__What is needed__
Return all entries precisely as they stand, without the images.

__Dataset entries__
====

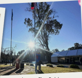
Image: Flag Raising
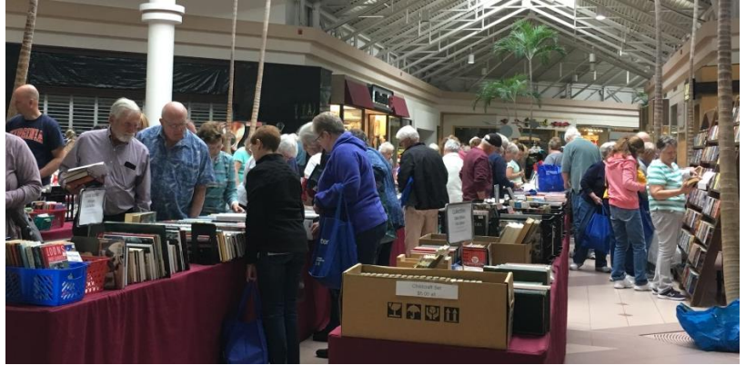
Friday morning is always the busiest time at the book sale.

Various local agencies and Friends of the Standish Library received the leftover books.
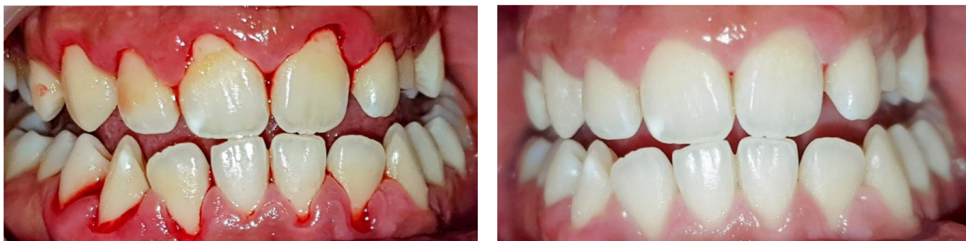
FIGURE 4. CLINICAL FEATURES OF GINGIVA IN DISEASE.

Left – immediately after professional mechanical prophylaxis) and in health
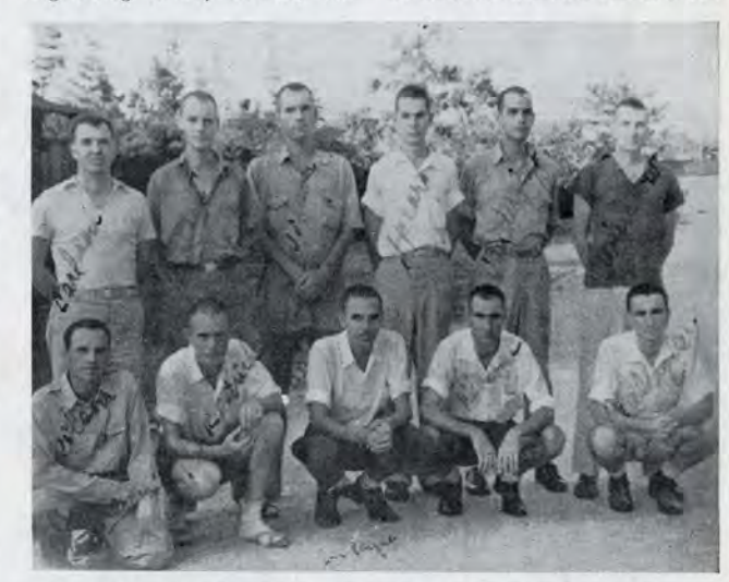
American prisoners of war at Zentsuji. This group includes five aviators from the U. S. S. Houston

Sports space is provided for baseball, cricket, and deck tennis, with a "gymnastic excursion" outside the camp once a week. Radio is available, for local reception, and a library of some 500 books was obtained from
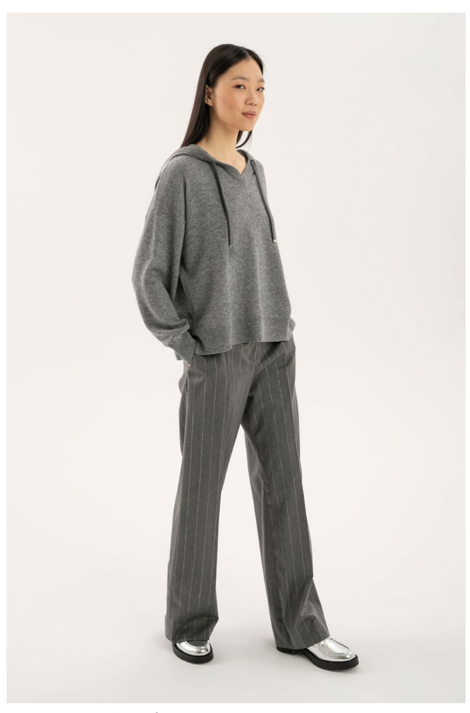
Hooded sweater in wool and cashmere, art. 2208 Trousers in viscose with lurex pinstripe, art. 3040
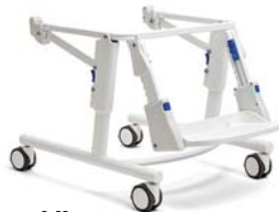
Mobile (non-tilt with footboard)

====

__Reply__
Image: Flag Raising
Friday morning is always the busiest time at the book sale.

Various local agencies and Friends of the Standish Library received the leftover books.
FIGURE 4. CLINICAL FEATURES OF GINGIVA IN DISEASE.

Left – immediately after professional mechanical prophylaxis) and in health
American prisoners of war at Zentsuji. This group includes five aviators from the U. S. S. Houston

Sports space is provided for baseball, cricket, and deck tennis, with a "gymnastic excursion" outside the camp once a week. Radio is available, for local reception, and a library of some 500 books was obtained from
Hooded sweater in wool and cashmere, art. 2208 Trousers in viscose with lurex pinstripe, art. 3040
Mobile (non-tilt with footboard)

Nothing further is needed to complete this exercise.